Кыш остановился и недобро оглядел Туку:

– Что с того, что ты Тука? Ты моих друзей куда-нибудь носил? Ни-ко-гда! Так что не шурши ушами, проходи мимо. Твой друг – твоя забота, я тут ни при чём. Буду всем помогать, весь перемажусь.

Рис.16 Большой Кыш

Нет, Тука не рассердился. Но очень удивился. Он никогда раньше не встречал кыша, который отказался бы помочь товарищу.

– Хнусь не грязный, – заступился он за друга. – Просто немножко замаскированный, чтобы не дразнить ворон. Ты, я вижу, тоже вымазался глиной. Да так старательно, что тебя невозможно узнать.

– Моя грязь – это МОЯ грязь, она ТЕБЯ не касается! – отрезал кыш. Он достал из-за уха зубочистку и проверил чистоту своих зубов. – А будешь приставать – укушу. Лучше не зли Бяку.

– Ну конечно же, ты – Бяка! – облегчённо выдохнул Тука. – Как я сам не догадался? Испугался, понимаешь, что в нашем лесу началась эпидемия вредности. Но если ты Бяка, всё понятно. Бяка на то и Бяка… Скажи, а зачем ты разрушил мой дом? Это очень плохой поступок. Не помочь товарищу в беде – тоже. Твоё прозвище – Большой Кыш. Какой же ты Большой, если совесть и душа у тебя маленькие? Неужели тебе нравится вредничать и на всех злиться? Может быть, лучше дружить с нами и помогать нам? Вдруг когда-нибудь и тебе понадобится помощь…

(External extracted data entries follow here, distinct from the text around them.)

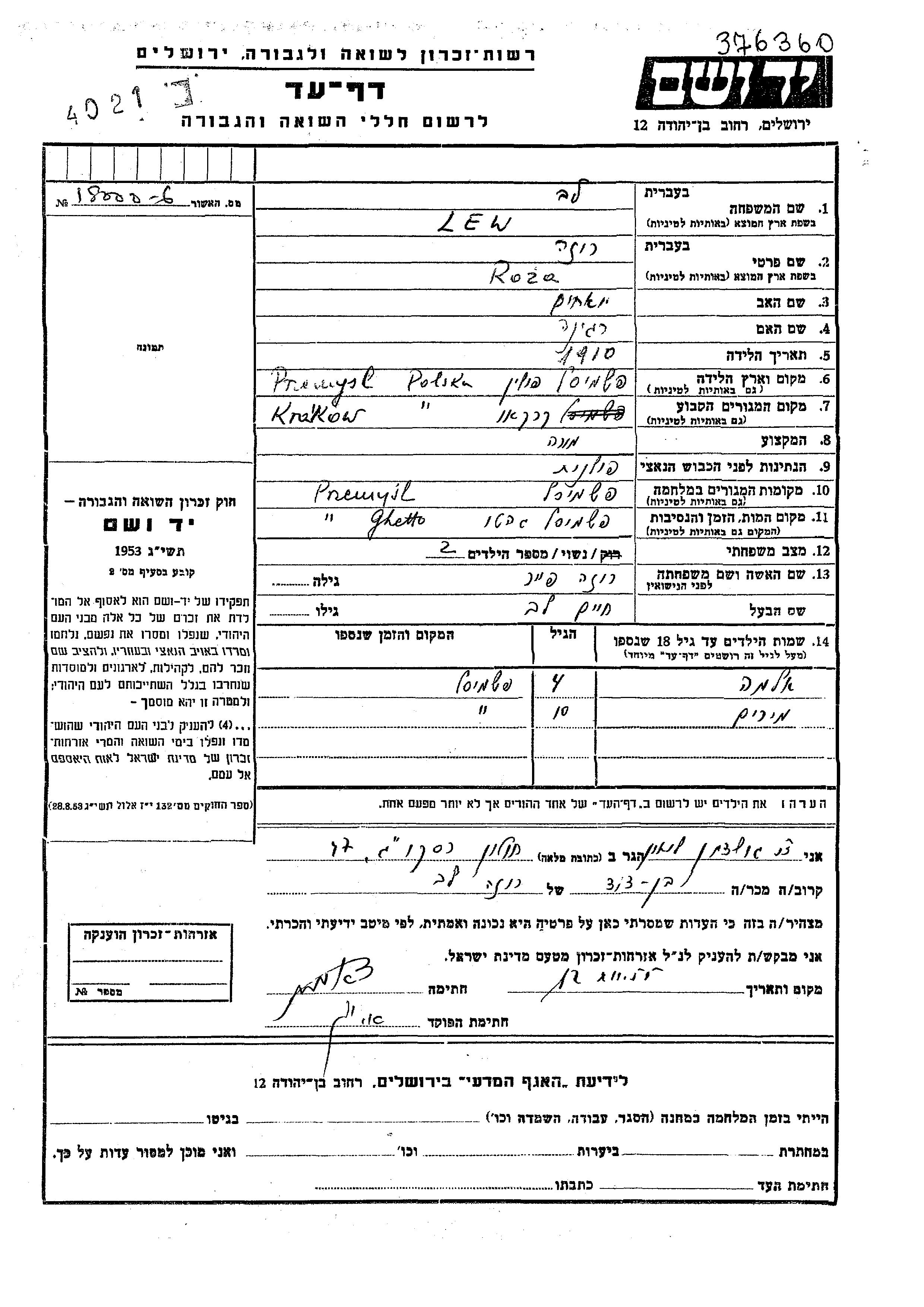 Alma Lew wurde Sie war die Tochter von Khaim und Roza, geb. Foier. Sie war Kind. Vor dem Zweiten Weltkrieg lebte sie in Krakow, Polen. Während des Krieges war sie in Psemisel, Polen.
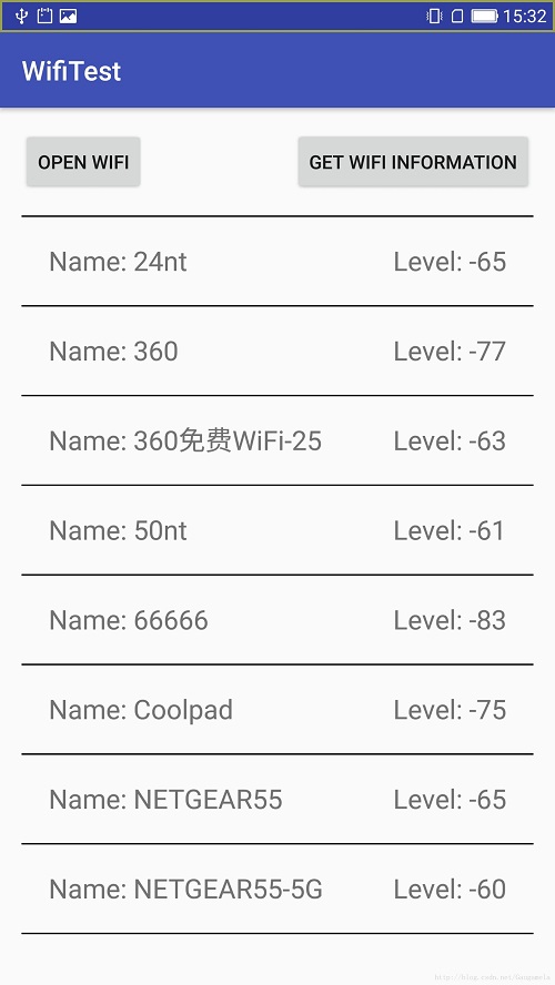 当获取到接入点信息后,我选取了其中的名称及信号强度,以列表的形式显示在主界面下方,如下图:
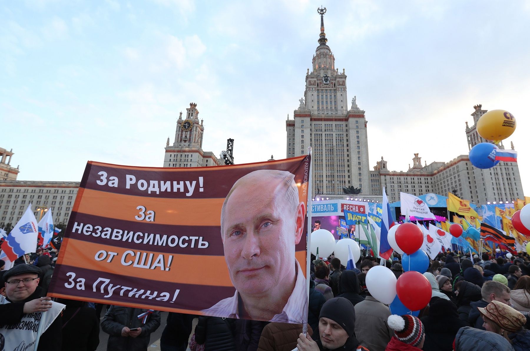 Фото: Вячеслав Прокофьев / ТАСС / Scanpix / LETA В Москве на Воробьевых горах 18 марта 2017 года в рамках фестиваля «Весна» прошел митинг-концерт, посвященный третьей годовщине присоединения Крыма к России. По данным МВД, его посетили 150 тысяч человек. Накануне студенты МГУ вышли к станции метро «Университет» с пикетами (и лозунгами «Университет наш», «МГУ не ВВЦ») и попросили не проводить политические мероприятия на площадке вуза.
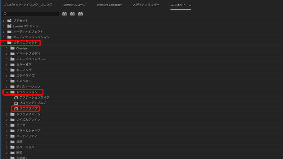 「ビデオエフェクト」→「トランジション」の中にある「リニアワイプ」です。
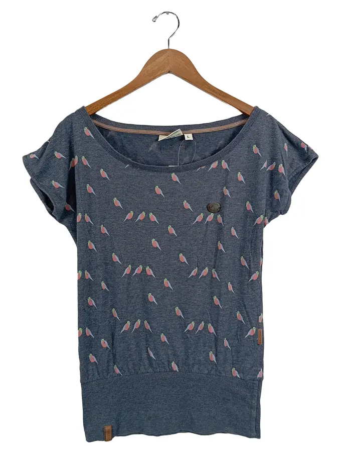 Damen T-Shirt L Vogelmuster Mehrfarbig Casual
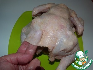 Курицу (курица должна быть весом примерно от 1 кг до 1,5 кг) надо помыть и обсушить бумажными полотенцами. Срезать жир в области шеи и попки.

– Я кыш-одиночка! Мне никто не нужен! – рассердился Бяка. – Я никогда не стану просить ничьей помощи, потому что всё умею сам!

– Может, ты просто боишься стать хорошим? – улыбнулся Тука.

– Я боюсь?! Глупости! Это вы все меня боитесь. А знаешь почему? Потому что я плохой! Очень плохой!!!

Не зная, что бы такое гадкое вытворить, Бяка подбежал к спящему Хнусю и громко свистнул ему в ухо – тот вздрогнул и проснулся.

Тука испуганно закрыл лапами мордочку. Хнусь сладко потянулся… и, увидев друга, рассмеялся:

– Тука! Какая удача, что мы проснулись вместе! – но, заметив рядом Бяку, испуганно вскрикнул: – Какой ужас! Вместе с нами проснулся Бяка!

– Ага, испугались! – зарычал Бяка и взял в каждую лапу по острой сосульке. – А ну-ка брысь отсюда! Живо!

Повторять дважды не было нужды: Туку с Хнусем будто ветром сдуло. Единым духом домчались они до большого Дуба и забарабанили в дверь Тукиной хижинки. Только задвинув за собой засов, кыши с трудом смогли перевести дух. Бибо и Сяпа отложили готовку ужина и вопросительно уставились на друзей.

– Что случилось, кыши? – не выдержал Бибо.

– Бяка!!! – еле выговорил Тука. – Гадкий Бяка разбудил Хнуся!!!

Бибо вскрикнул от ужаса. Сяпа юркнул под стол.

– Ух, не к добру это, – прошептал Бибо. – Очень плохая примета – будить кыша во время спячки. Не иначе засуха случится или саранча налетит.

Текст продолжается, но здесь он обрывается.